Но она принялась стонать и плакать, что ушибла колено и порвала чулки. А теперь у нее нет таких чулок, и в чем она завтра пойдет искать работу, неизвестно. На мою шинель было страшно смотреть. А уж, какое у меня было лицо, и говорить нечего! Если бы жестокие апачи накинув мне на шею лассо, волочили бы меня по прериям не один десяток миль, то и тогда я бы выглядел приличнее.
Делать нечего. Я выполз из-под Катерины, подал ей руку и, как облезлый кот Базилио и хромая лиса Алиса, мы заковыляли назад в общежитие.
Саша не поднял даже голову, чтобы посмотреть, кто пришел. Он держал над ведром за головы двух студенток, которые, не желая за столом уступать Катерине, теперь издавали звуки известного тембра и характера. Он весело смеялся и приговаривал:
– Вот, будете знать, как с летчиками пить.
Когда он глянул на меня, то от смеха чуть не упустил девчонок в ведро.
Хорошо, что было темно, когда мы возвращались в заводскую гостиницу.
Геннадий Петрович только глянул на мое лицо и прошептал:
– Мамочки мои! Что комэск скажет.
Мы благополучно прилетели домой, сдали ракету. На другой день на построении комэск так на меня посмотрел, что задрожал стоявший рядом мой друг.
– Как же ты пойдешь на банкет с такой рожей? – спросил Виктор. – Осталось всего пять дней. Оно же не заживет.
– А вот спорим, заживет?
И действительно, пораженная асфальтовой болезнью область каждый день уменьшалась. И за полчаса до банкета я оторвал последний участок корки и сияющий, как портрет Дориана Грея, вошел в банкетный зал.

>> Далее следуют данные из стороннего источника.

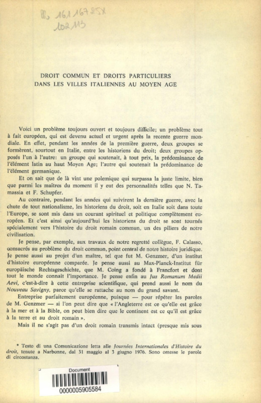 Droit commun et droits particuliers dans les villes italiennes au Moyen âge
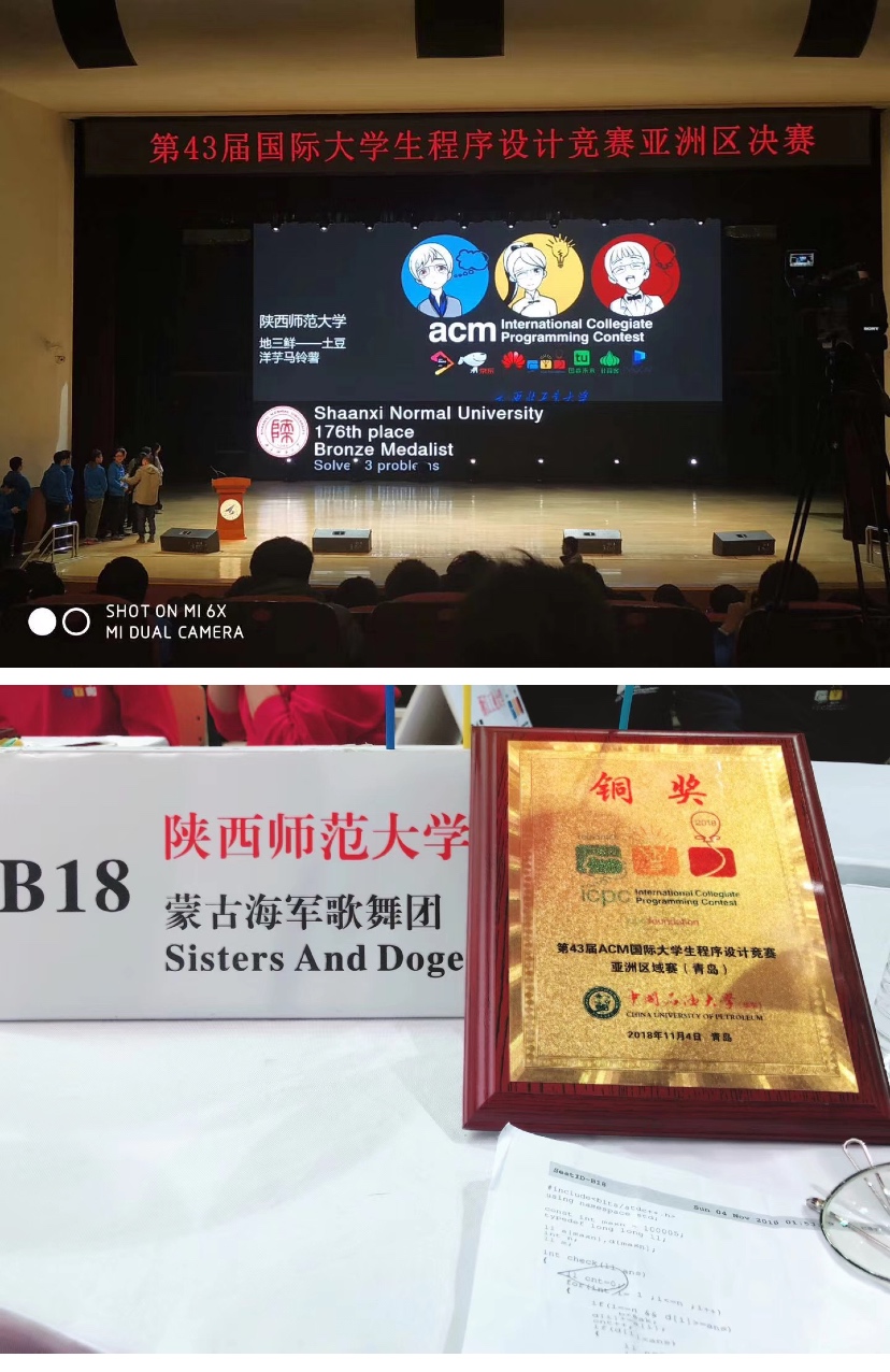 竞赛主要集中在每年 10 月到12月的ICPC(国际大学生程序设计竞赛)与CCPC(中国大学生程序设计竞赛)相关系列比赛。在大二上学期的十月前后,我与两位学长组队参赛,并且获得了国际大学生程序设计竞赛亚洲区域赛的铜奖两枚,并憧憬大三能再创新高,然而甘瓜苦蒂,大三依然是两枚铜奖。

А Лена действительно приехала на каникулы в гарнизон. Неделю я скрывался от нее, так как слышал от друзей, что она меня ищет с какой–то бумажкой в руках. Я поставил на камень спичечный коробок и отошел на сто пятьдесят шагов. Шагов, а не метров! Коробок исчез из поля зрения. Вот проделайте такой эксперимент, и если вы увидите на этом расстоянии коробок, то вы беркут, а не человек. Нормальный человек не может на таком расстоянии увидеть спичечный коробок даже анфас. Я уже не говорю со стороны ребра.
Я все же встретился с ней и, чувствуя, что мои капиталы уменьшатся на триста-четыреста рублей, предложил пойти поискать мелкашку.
– А разве у тебя нет своей?
– Откуда? Я тогда стрелял из винтовки физорга. Но он перевелся, и где взять другую, ума не приложу.
Лена еще неделю побегала в поисках оружия, но так как она ничего не нашла, а я известные мне хранилища оружия не выдавал, считать теоретически наш спор проигранным я отказался. Согласились на ничью, выпили бутылку шампанского, нацеловались и объявили, что победили дружба и любовь.
Кошка загуляла
Жила в нашем гарнизоне морской авиации семья одна – Людмила и Толя. Анатолий – рослый, симпатичный капитан. На него все официантки в летной столовой заглядывались. И Людмила – чуть ниже среднего роста, фигурка ладненькая, ножки стройные, бутылочками. Глазки всегда долу, ни на кого не глянет. Не красавица, но мужики ее издалека замечали.